Snaps
30 June 2020

Hungarian wage growth comes down a notch, but still sound

On one hand, the almost 8% wage growth in Hungary sounds quite like the dream but, on the other hand, it is the lowest rate since the end of 2016. Nonetheless, we think, it paints a rosier picture than the reality

300519-image-hungary_people.jpg
People on the Széchenyi Chain Bridge, Budapest
7.8%

Average gross wages (YoY)

Consensus 6.1% / Previous 9.0%

Better than expected

Like unemployment statistics, Hungarian wage data also faces some constraints when we try to assess what’s going on in the Hungarian labour market.

The composition effect is a different story, as the part-time workers that previously worked full-time are not covered in these statistics.
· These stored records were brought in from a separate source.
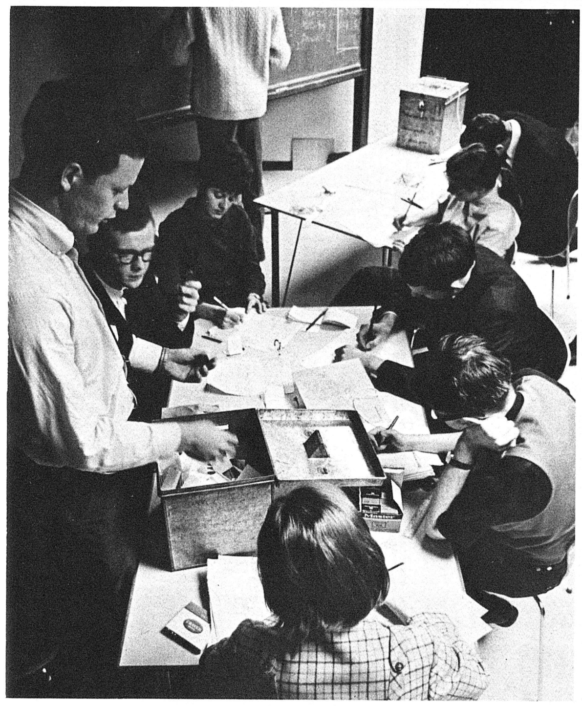
ONE, TWO, THREE, FIVE, SIX, EIGHT .

... counting the model parliament ballots
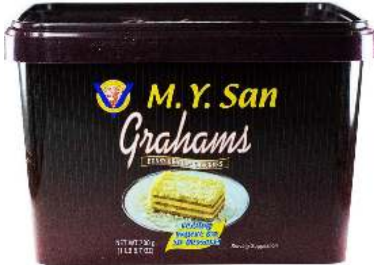
MY SAN GRAHAMS (IN A TUB 700g)
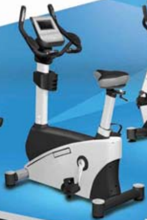
DB209 GENERATOR UPRIGHT BIKE
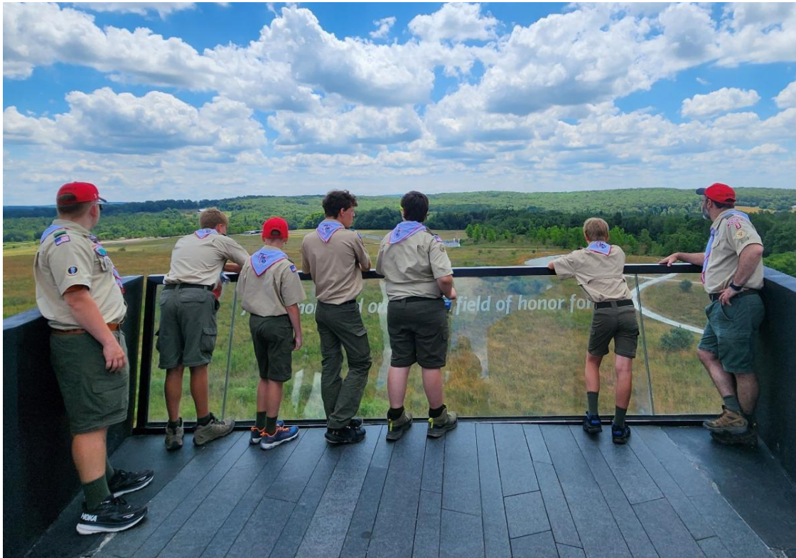
Flight 93 National Memorial in Shanksville, PA

September 11, 2001, America was stunned and knocked on our heels after a second plane struck the Twin Towers, and the Pentagon was hit. In their final moments, a small group of ordinary citizens banded together and struck back for America, likely sparing an attack on the Capitol. True Heroes.
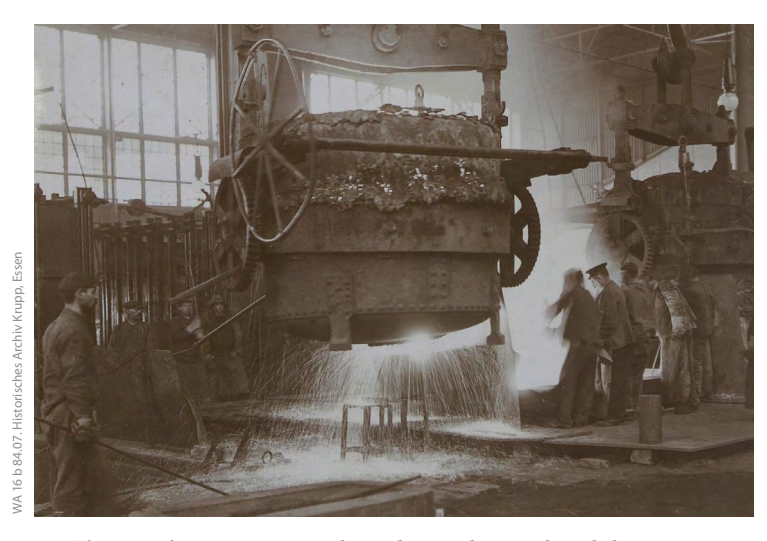
The master's programme provides students with expert knowledge in historical episodes of growth and crises and enables graduates to develop solutions for current issues in economics.
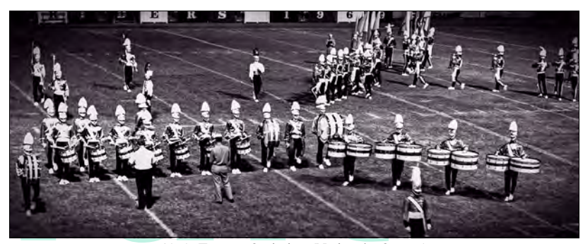
1969: Toronto Optimists (Nationals, Ottawa)

In second place, with a score of 80.80, from Toronto (both corps were from Toronto)
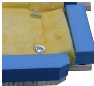
Detail view of underside
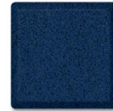
Stellar Marine - L
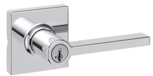
Casey Lever with SmartKey Security square rose in Polished Chrome
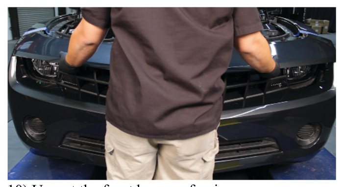
10) Unseat the front bumper fascia.
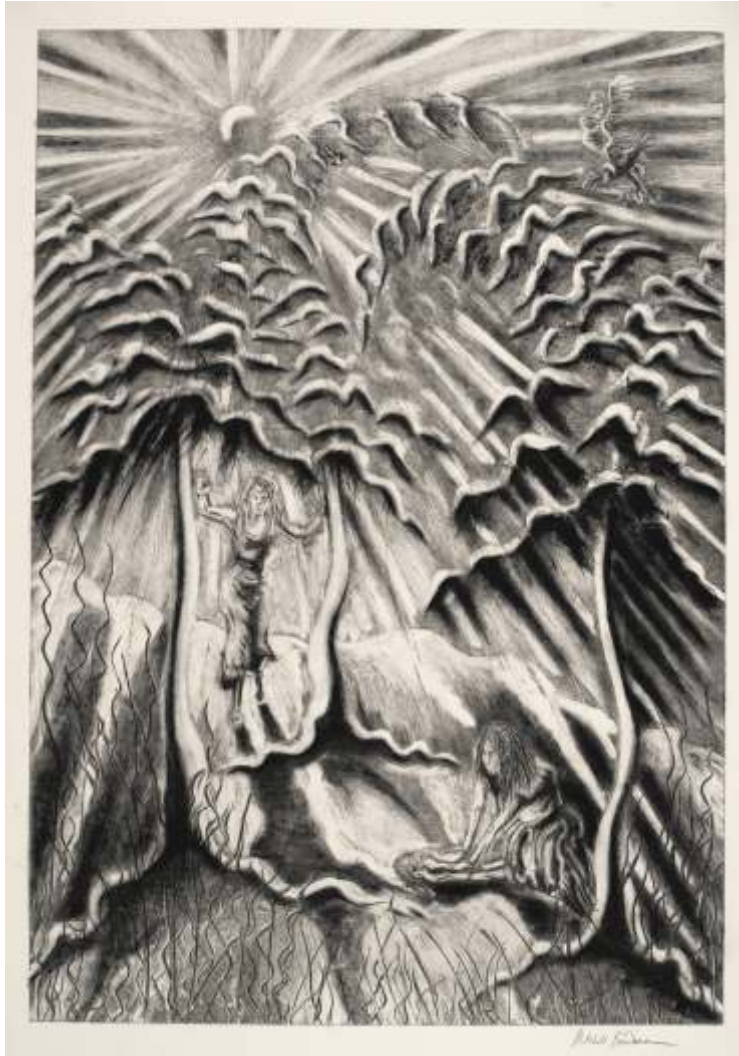
Noon Witch graphite and oil on paper, 42 x 31 inches 2006
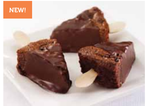
NEW! 4795 Fudge Dipped Brownie Pops 📺 Decadent fudge-dipped chocolate brownie on a stick. A 250 calorie delicious dessert or indulgent snack. Individually wrapped. 8-2 oz/$9.79
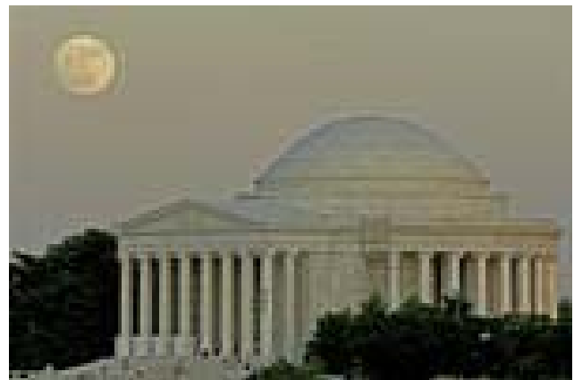
Moon Over Jefferson Memorial
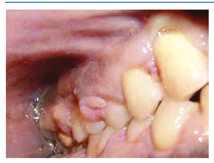
Fig. 3: Drug-induced gingival enlargement
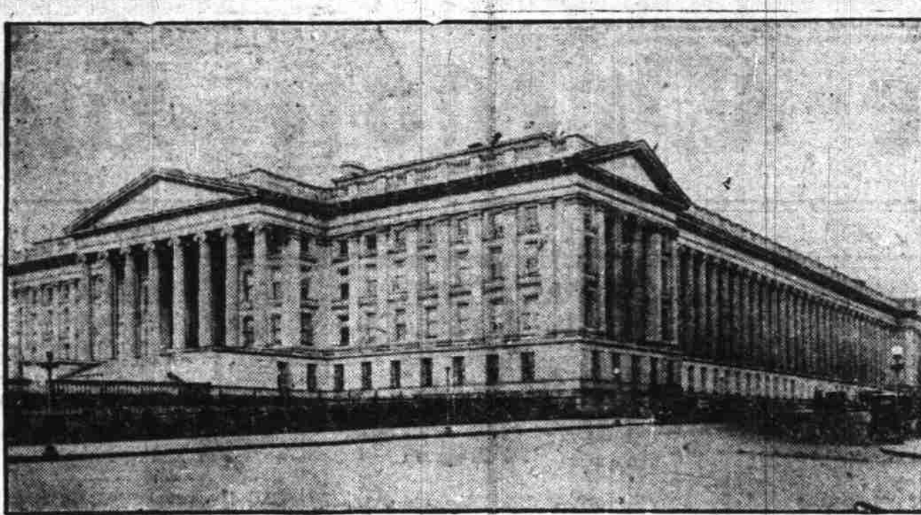
WHERE MR. MELLON PRESIDES

So, yes, the 7.8% year-on-year wage growth in April 2020 looks strong. Even if we know that the 1Q20 average wage growth was 9.1%, it still doesn’t indicate a remarkable slowdown due to Covid-19.

However, there is more than one layer behind these statistics. Firstly, there is the private sector data. The number of employed people based on institutional data dropped almost 200 thousand in the corporate sector compared to a year ago - an 8.7% decrease. The wage growth in this sector slowed to 7.7% on average. However, workers in mining and quarrying, in the energy sector and in the hospitality sector are looking at a 2-4% drop in salaries on a yearly basis.

Wage dynamics (3-month moving average, % YoY)

Source: HCSO, ING
HCSO, ING

On the other hand, public sector workers enjoyed an acceleration in wage growth, earning 9.6% more than a year ago on average. The latter is due to a wage settlement in the branch of public administration, defence and compulsory social security. The number of employees in the public sector remained steady despite the Covid-19 shock.

Wage growth to hover in the 6-8% area for the remainder of the year

On face value, none of these numbers look terrible. However, wage data didn’t cover those who once worked in full-time roles but due to the crisis are now only working part-time. This means less real disposable income growth than suggested by the wage statistics.

Looking forwards, corporates (even state-owned) used to settle the yearly wage dispute by April, so the recent peak in wage growth gives a strong support level. Even if re-opening means more jobs to be (re-)created, the number of unemployed people is high so we can’t see the same wages that we saw in the period of labour shortage.

All-in-all, there are lots of moving parts, so we see wage growth hovering in the 6-8% area for the remainder of the year.